As for the 2022 budget, $6.5 billion of the proposed NIH budget is allocated to the new Advanced Research Projects Agency—Health (ARPA-H, or HARPA). Director of the Office of Science and Technology Policy (OSTP) Dr. Eric S. Lander and Assistant Director for Biomedical Science Initiatives at OSTP Dr. Tara Schwetz provided coverage on the vision of the agency. Dr. Lander noted that President Biden aims for ARPA-H “to make pivotal investments in breakthrough technologies and broadly applicable platforms, capabilities, and resources that have the potential to transform important areas of medicine and health that cannot readily be accomplished through traditional research or commercial activity.”

FABBS recognizes that such pivotal breakthroughs rely on the foundation laid by basic scientific research as we continue to advocate for the cognitive, brain, and behavioral sciences to be included in the ARPA-H vision.

Other increases to the NIH budget for FY 22 are targeted toward opioid and pain research, the  HEAL initiative, health disparities, mental health, pediatric research on the effects of COVID-19, the BRAIN initiative, the IMPROVE program, the ECHO program, and the INCLUDE project.

Dr.

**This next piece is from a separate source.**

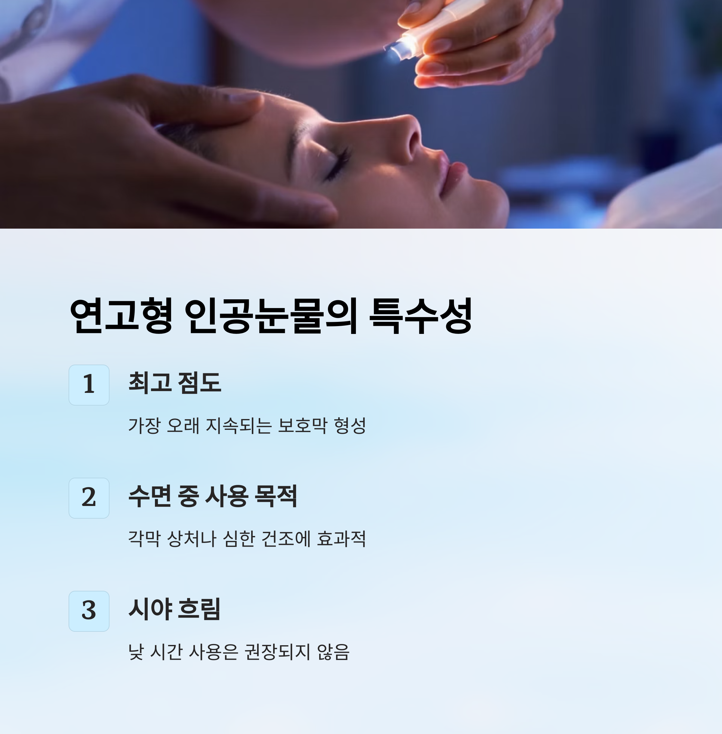 주로 중등도 이상의 건성안 환자나 밤 시간 동안 눈 건조가 심한 분들이 많이 써요. 수면 전에 넣으면 밤새 눈을 보호해줘서 아침에 눈이 덜 뻑뻑하답니다.

Anthony Fauci, Director of the National Institute of Allergy and Infectious Diseases, delivered an update on the state of the COVID-19 pandemic and pandemic research, citing efficacy rates for some of the vaccines, and other data collected from real-world cases as Covid-19 vaccine uptake increases.

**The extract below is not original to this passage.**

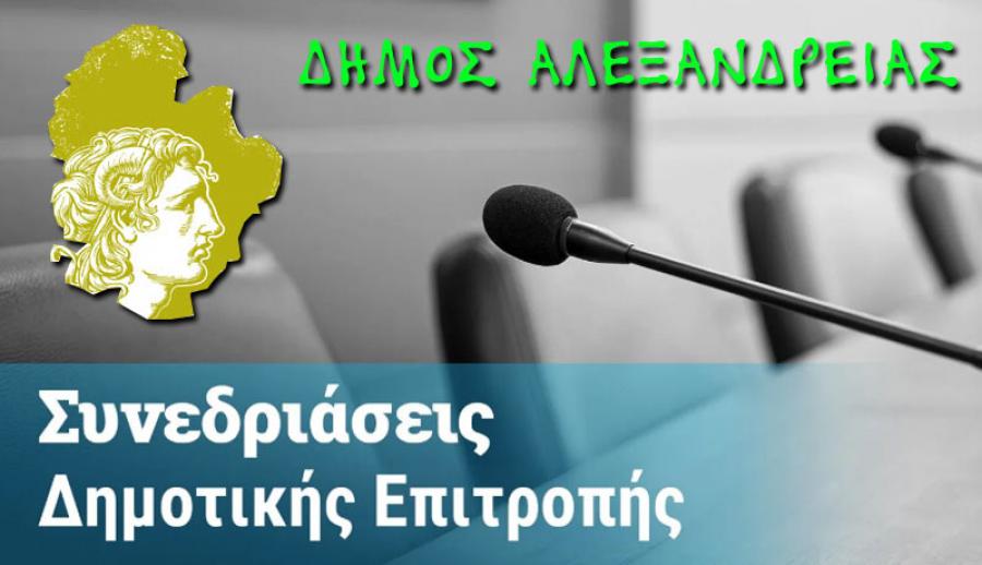 Τακτική συνεδρίαση της Δημοτικής Επιτροπής Αλεξάνδρειας θα διεξαχθεί στο Δημοτικό Κατάστημα δια ζώσης, την 17η Ιουνίου 2025 ημέρα Τρίτη και ώρα 13:00, για συζήτηση και λήψη απόφασης στα παρακάτω θέματα της ημερήσιας διάταξης:

Deputy Director of the National Heart, Lung, and Blood Institute Dr. Amy Patterson spoke about the new initiative Post-Acute Sequelae of SARS-CoV-2 (PASC), also known as “Long Covid” or “RECOVER: Researching COVID to Enhance Recovery.” Congress provided $1.15 billion in support for this trans-NIH initiative, a collaboration across 20 institutes, to investigate ongoing pandemic effects using a public health impact lens. The initiative aims for a multidisciplinary assessment of incidence, prevalence, risk factors, epidemiology, and outcomes, using a comprehensive collection of cases from electronic health records and real-world data, ongoing and new clinical cohorts, and autopsy studies, to encompass a diverse representation of participants. Updates will be posted on the recently launched RECOVER website.

Other presentations on day one included Accelerating COVID-19 Therapeutic Interventions, Community Engagement Research Alliance (CEAL), Rapid Acceleration of Diagnostics (RADx), and an update on NIH efforts to redress harassment.

NIH Chief Officer for Scientific Workforce Diversity Marie A. Bernard, the NIH Deputy Director for Management Alfred C. Johnson, and the NIH Principal Deputy Director Lawrence A. Tabak kicked off the second day with a presentation about the UNITE initiative. (See FABBS submitted comments.) Dr. Collins and the UNITE Committees reflected on the robust feedback from public and stakeholder organizations and recently released in-depth commentary of UNITE activities in the journal Cell. Opportunities are underway for the NIH to gather more feedback from both the extramural community and the internal NIH workforce.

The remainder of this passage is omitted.